In the last few years we saw the introduction of the automated certificate management environment (ACME) protocol for automating issuance and updating of certificates. ACME allows you, through tooling, to automatically manage and renew certificates. In this case you just need a link with a CA and it will issue, renew, and/or re-issue the certificate. If you want or need to switch the CA, you just change the config, and automation gets you another certificate from another CA.
But where things are much more complicated is when you have a need for certificates with higher levels of identity assurance. The higher-level certificates rely on manual processes like presenting identity documents, signing agreements, providing company documents, etc. In those cases, if something happens with the CA you need multiple people involved, and often a notary. So, it’s smart to always validate with two certificate authorities to create redundancy.
One of the most interesting arenas for this PKI automation is with static site generation. CAs have invested a lot into devops tooling for containerized websites, so you can deploy certificates at the same time you spin up containers for a new React service, for example.

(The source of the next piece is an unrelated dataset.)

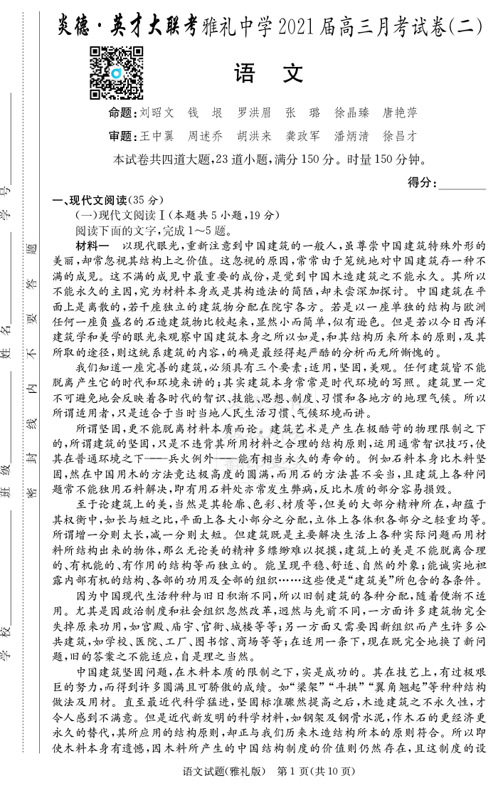 2025湖南師大附中新高考考前小題訓練·語文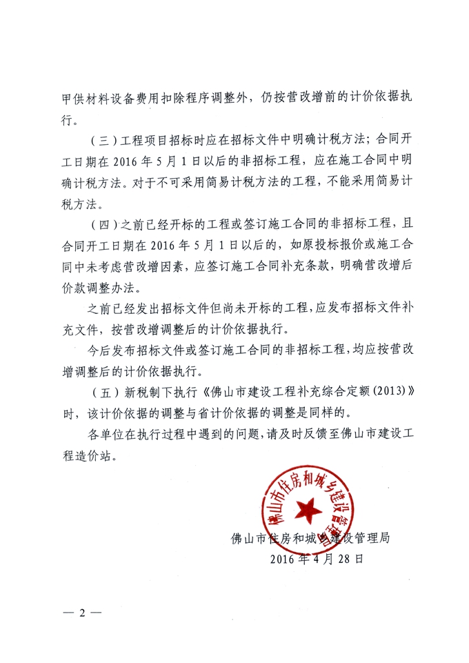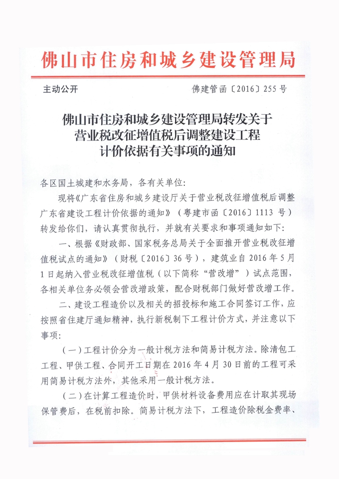 佛山市住房和城乡建设管理局转发九州在线登录营业税改征增值税后调整建设工程计价依据有关事项的通知

CAs today are shipping new utilities to make it easy to deploy certificates to containerized environments.
Apart from automation and reduced certificate lifetimes, the other big thing going on in the industry today is preparing certificates for something that hasn’t even arrived yet. It’s a movement referred to as post-quantum cryptography (PQC). Even though quantum computers are still very early, we know they will be advancing within a few years. The concern is that anything high value that is intercepted today might be kept around, and then once quantum computers are more advanced they will be able to decrypt it (harvest now, decrypt later). This quantum-resistant cryptography movement is driving a lot of standards bodies work among the CAs and browsers for how to issue quantum resistant certificates.